There is nothing cuter than a newborn sticking out its tongue in response to you doing the same. Now research suggests that such mimicry might be just a coincidence, at least in the youngest babies. The study challenges the prevailing notion in developmental psychology that imitation is ingrained at birth.

Psychologists Janine Oostenbroek, Virginia Slaughter and their colleagues at the University of Queensland in Australia tested 64 infants at one, three, six and nine weeks old for their ability to imitate nine gestures and facial expressions that previous studies have suggested infants can mimic. They hoped to link individual babies' mimicry to their cognitive development, but instead they could not find that babies imitated at all.

“Babies do increase their activity when they're in face-to-face contact with an adult, but they don't specifically match what the adult is doing,” Slaughter says.

The study, published in May in Current Biology, rekindles a 40-year-old controversy, which raged after newborn imitation was first documented in 1977. After that initial paper, findings went back and forth for decades. Then in the 1990s, publications skewed to only positive results, perhaps indicating a systemic bias. The authors say they have heard from colleagues who could not get papers published when they did not find imitation. “I hope our study does help some of the negative results to be aired,” Oostenbroek says.

Critics of the new study point out that the researchers did find an effect when comparing tongue protrusion with mouth opening, a classic test used in many studies with positive results. The babies were indeed more likely to stick out their tongue when researchers did than when the researchers opened their mouth—but crucially, they were also just as likely to stick out their tongue in response to the other seven gestures. If the babies had truly been imitating, they should do so across all conditions, the investigators explain.

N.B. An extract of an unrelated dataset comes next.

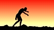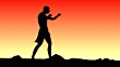 Man practicing punches on the sunset background
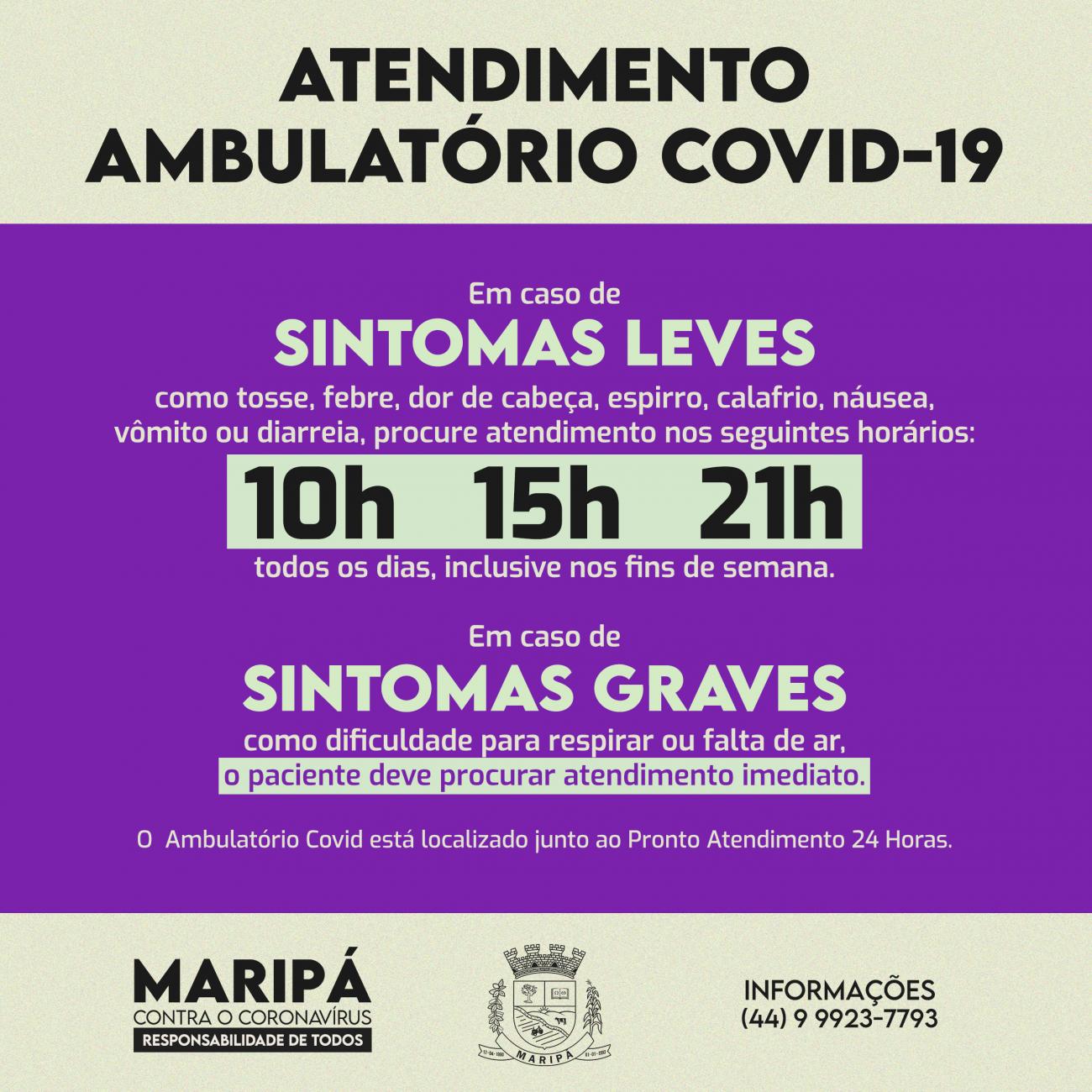 Os pacientes que apresentam sintomas mais leves como tosse, febre, dor de cabeça, espirro, calafrio, náusea, vômito ou diarreia devem procurar o atendimento nos horários das 10h, 15h ou 21h, todos os dias, inclusive nos fins de semana.

Newborn imitation is often used as evidence for the idea that human mirror neurons are engaged at birth. These results suggest the reality may be more complicated. The finding does not mean, however, that aping adults is not a fundamental part of early communication and learning, says evolutionary psychologist David Bjorklund of Florida Atlantic University, who was not involved with the study. Mimicry probably just takes a few months to develop.